Наверное, Карамзину трудно далось наведение
по себе (разумеется, по себе самому) второго, иначе выстроенного чертежа. Он постепенно
отстраняется от своих радикальных заявлений 1792 года, при этом продолжая наблюдать
за собой, анализируя собственный психологический опыт от противного («Моя исповедь»).
Кстати, именно в этот момент появляется «старинная
шутка» Дмитриева; на фоне драматической внутренней метаморфозы Карамзина она обретает
известную глубину и остроту. Многоликий Николай Михайлович не просто менялся в переходах
от гостиной к игорному столу и далее. Он разбирал себя на составляющие чувства и
расчета и затем собирал заново – наверное, не безболезненно.
Ни в коем случае это не было хладнокровной
переменой масок. Такое предположение граничило бы с обвинением в лицемерии, что
трудно соотнести с душевным строем Карамзина. Скорее, было бы уместнее признать
его право на определенный дуализм расчета и чувства, предполагающий идеальным положение
равновесия, достигаемое в результате известного в европейской художественной практике
«взаимоиспытания вычисления и вымысла» (Il cimento dell’armoniae dell’invenzione
–
термин, более известный в музыковедческих кругах). Впрочем, это было бы построением
академического толка; дуализм Карамзина полон внутренней драмы и вряд ли поддается
такому осторожному взвешиванию.
Он посягал на демиургию,
по крайней мере, в отношении самоустроения.
Был ли у Карамзина иной путь? Мы смотрим
на него из своего хорошо рассортированного времени – у
нас историк, литератор, философ суть разные герои, – но он-то был един во всех этих
разных лицах.
Мы спорим сейчас, отстаивая всяк своего Карамзина, вплоть до географического предпочтения.
Ученые Оренбурга настаивают на заволжском месте его рождения, ульяновцы заявляют о нем как о симбирском
уроженце. Эти толкования «дробят» Карамзина. У одних он получается новатором и европеистом,
а у других «азиатом» и консерватором. Те и другие по-своему правы. У него были свои
собственные Запад и Восток. Его так же интересовала Европа, ее интеллектуальный
опыт и новые технологии бытия, как и Азия с ее глубинными устроениями, которые были
понятны ему как Кара-мурзину, потомку заволжских татар.
Но это и означает, что он был «целым множеством»,
сложной фигурой, сегодня не вполне понимаемой.

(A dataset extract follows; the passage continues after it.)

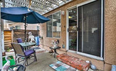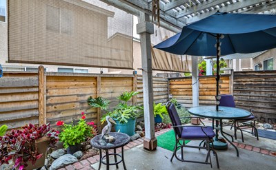 The private, fenced patio—complete with shade covering—offers an ideal setting for morning coffee, casual dining, or entertaining guests. Upstairs, the generous primary suite features a large walk-in closet and an en-suite bathroom, while two additional bedrooms provide flexibility for guests, family, or a dedicated home office.

В оправдание нам, не вполне понимающим, можно
сказать, что Карамзин хорошо прятал свое множество; не спрятал, правда, от друга
детства Дмитриева, но эпиграмма последнего была все же не обвинением, скорее вопросом
– кто ты и что ты?
Время обязывало Карамзина к маскировке. Репрессии
против братьев-каменщиков, за которых, кстати, он не раз заступался публично, расхождения
с прежними товарищами, от которых теперь приходилось защищаться, острая литературная
критика – все настраивало его на «эшелонированную» оборону.
Но за этими многими окопами скрывался «многий
человек».
Можно обозначить его эволюции как личный
исторический процесс.
В таком случае литературное десятилетие Карамзина
– 1792–1803, две шкалы одна поверх другой – можно было бы засчитать временем настройки
некоего профессионального инструмента, в котором нуждался будущий историк, собравшийся
судить прошедшее.
Разумеется, ему нужно было прежде рассудить
самого себя.
Но такой подход обесценил бы его живое множество.

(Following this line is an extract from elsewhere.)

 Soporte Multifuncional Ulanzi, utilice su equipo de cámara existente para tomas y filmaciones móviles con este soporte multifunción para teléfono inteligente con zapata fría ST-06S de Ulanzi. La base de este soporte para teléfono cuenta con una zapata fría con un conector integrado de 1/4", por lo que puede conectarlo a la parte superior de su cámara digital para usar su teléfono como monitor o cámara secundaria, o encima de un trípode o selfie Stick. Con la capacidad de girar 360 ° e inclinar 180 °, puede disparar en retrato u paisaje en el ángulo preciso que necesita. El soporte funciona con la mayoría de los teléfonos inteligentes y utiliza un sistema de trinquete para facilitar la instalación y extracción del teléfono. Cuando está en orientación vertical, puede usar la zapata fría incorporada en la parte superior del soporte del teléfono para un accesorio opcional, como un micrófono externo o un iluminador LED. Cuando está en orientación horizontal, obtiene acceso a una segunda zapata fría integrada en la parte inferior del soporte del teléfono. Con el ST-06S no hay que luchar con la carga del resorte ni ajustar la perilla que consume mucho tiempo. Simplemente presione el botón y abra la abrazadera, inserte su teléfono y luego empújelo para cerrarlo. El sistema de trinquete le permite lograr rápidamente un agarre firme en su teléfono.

Его сложная биография оказалась бы только преамбулой к труду историографа. Это было
бы неверно. Настоящий Карамзин был заведомо сложнее историка; иначе он не стал бы
основателем нашей исторической школы как таковой.
Это важно: его опережение наук, так же как
юная дерзость в назначении новых святых, было не анахронизмом, напротив, нормой.

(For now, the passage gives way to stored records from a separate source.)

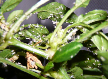 Die Parasiten die es sich auf einigen meiner Chili-Pflanzen gemütlich gemacht haben sind wohl Fliegen, so die Aussage der Blumenfee die ich dazu um Rat gefragt habe. Was wirksames, sprich giftiges, dürfen sie nicht verkaufen, sie riet mir wie meine Freund
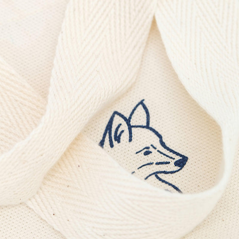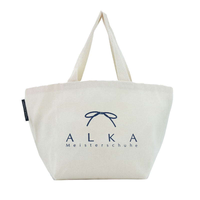 Die Umsetzung Ausgangspunkt war eine Mustertasche, die den Kunden überzeugt hatte und über die deutsche Agentur an uns weitergeleitet wurde. Darauf aufbauend entwickelten wir eine individuelle Tasche aus hochwertigem, dicken Panamastoff mit Bodenfalte und breiten Henkeln im Fischgrätmuster – beides naturfarben und in GOTS-Qualität. Das Branding ist ein hochwertiger beidseitiger Siebdruck sowie ein seitliches Webetikett mit „Made in Germany", wobei der Logodruck und das Etikett farblich passend im gleichen kundenspezifischen Blauton ausgeführt wurden.
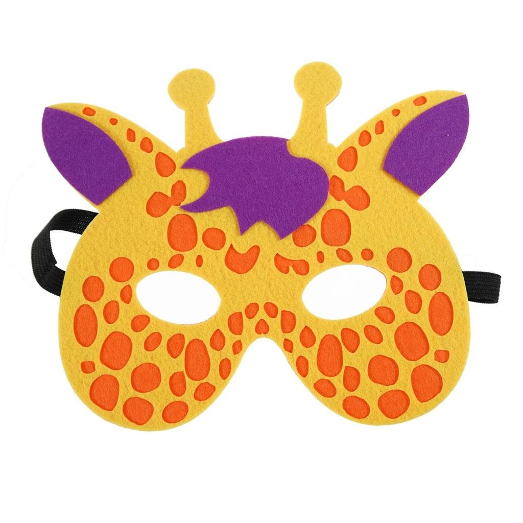 Maska dziecięca wykonana z grubego filcu w kształcie głowy żyrafy. Maska posiada wycięte otwory na oczy oraz przestrzeń w okolicy nosa umożliwiając wygodne noszenie. Wyposażona została w elastyczną gumkę zapewniającą komfortowe zakładanie oraz zdejmowanie maski. Doskonała jako uzupełnienie stylizacji, przebrania na urodziny, teatrzyki, bale przebierańców.

Той самой, демиургической, которой потребовала от него новая эпоха.
Так же и множество Карамзина было нормой.
Наши нынешние избирательные оценки, споры
узких профессионалов – историк он или литератор? – означают позднейшую перемену
инструментария. Мы смотрим на него через современный «монокль», отыскивая привычный
контур: пусть он будет либо то, либо другое. Но контур Карамзина двоится, множится.
Он был и то и другое, действовал в пространстве больших смыслов, где узкая специализация
не имеет привычной нам силы.
В восприятии подобных фигур необходима встречная
сложность, полифония чувства и расчета. Дробный – целый, полный Карамзин еще ожидает
своей адекватной «геометрической» расшифровки.